I have a few more of these to bloom this year and several more to bloom in the next few years, so hopefully, I will get a good one.

Mike


----------



## AdamD (Mar 7, 2015)

I love the fuzz. Nice


----------



## phrag guy (Mar 7, 2015)

lets hope it improves


----------



## Silvan (Mar 7, 2015)

Congrats on growing and flowering it from flask!
But, are you sure it's a Glenn Decker? Looks like a
Fritz Schomburg to me.


----------



## orchid527 (Mar 7, 2015)

I'm pretty sure that it is Glen Decker. I bought the flask directly from Chuck Acker and have kept these plants somewhat isolated. The cost was significant, so I kept close track. 

Jason Fischer is MDC x besseae, so they should be similar, hopefully just a little more color in Glenn Decker, as some of the Jason Fischers are really red. 

I have not seen the Jason Fischer that was used to make this particular cross. My understanding is that it is a 2n, so the good news is all of these plants should also be 2n.

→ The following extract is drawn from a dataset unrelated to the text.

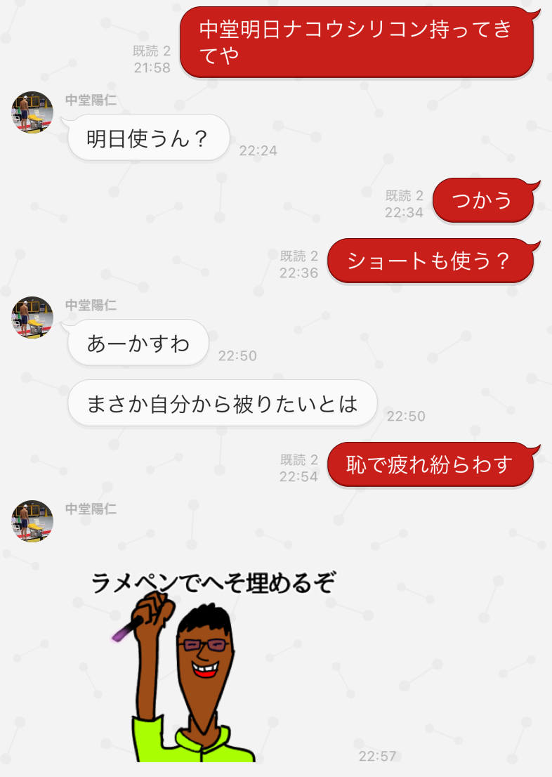 だいたいみんな予想通りでした。〇×クイズして借り人競争して写真撮って、たまに遊ぶ子らとしゃべって水泳部と顔合わせて最後は見慣れた同じ学科のメンバーでしゃべって終わりました。あんま代わり映えなかった。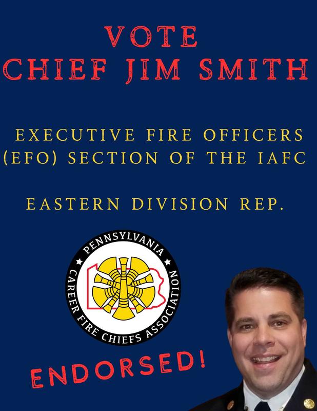 | The Pennsylvania Association of Career Fire Chiefs (PACFCA) proudly announces its unanimous endorsement of Fire Chief Jim Smith for the position of EFO Section Representative for the Eastern Division of the International Association of Fire Chiefs

BTW, The Orchid Zone is selling flasks of Fritz Schomburg remade with superior parents for $150. I bought one yesterday, but I doubt they will last very long.

Mike


----------



## tnyr5 (Mar 7, 2015)

I like it . How many years out of flask is it?


----------



## Silvan (Mar 7, 2015)

Yeah, I'm sure it's what it is. The small size of the flower threw me off a little. But it's very similar to this one from another member :
http://www.slippertalk.com/forum/showthread.php?t=29434&page=2


----------



## orchid527 (Mar 7, 2015)

Tony

I purchased the flask in May of 2011. I don't recall for certain, but I probably put them into compots within a month or two.

Mike


----------



## SlipperFan (Mar 7, 2015)

Wonderful color. It will be interesting to see the next flowers.


----------



## 17andgrowing (Mar 7, 2015)

Nice.


----------



## Migrant13 (Mar 7, 2015)

Promising for sure. Looking forward to the others when they bloom. Good growing!


----------



## abax (Mar 7, 2015)

The color is lovely and the dorsal is definitely an improvement on most kov. hybrids I've seen. The whole
flower looks more balanced. I'm looking forward to seeing
later blooms.


----------



## NYEric (Mar 8, 2015)

Yay besseae hybrids. If you want to get rid of a couple, let me know.


----------



## Chicago Chad (Mar 9, 2015)

Mine is also in bloom from you mike. I will post it soon.


----------



## eaborne (Mar 14, 2015)

Good job!


----------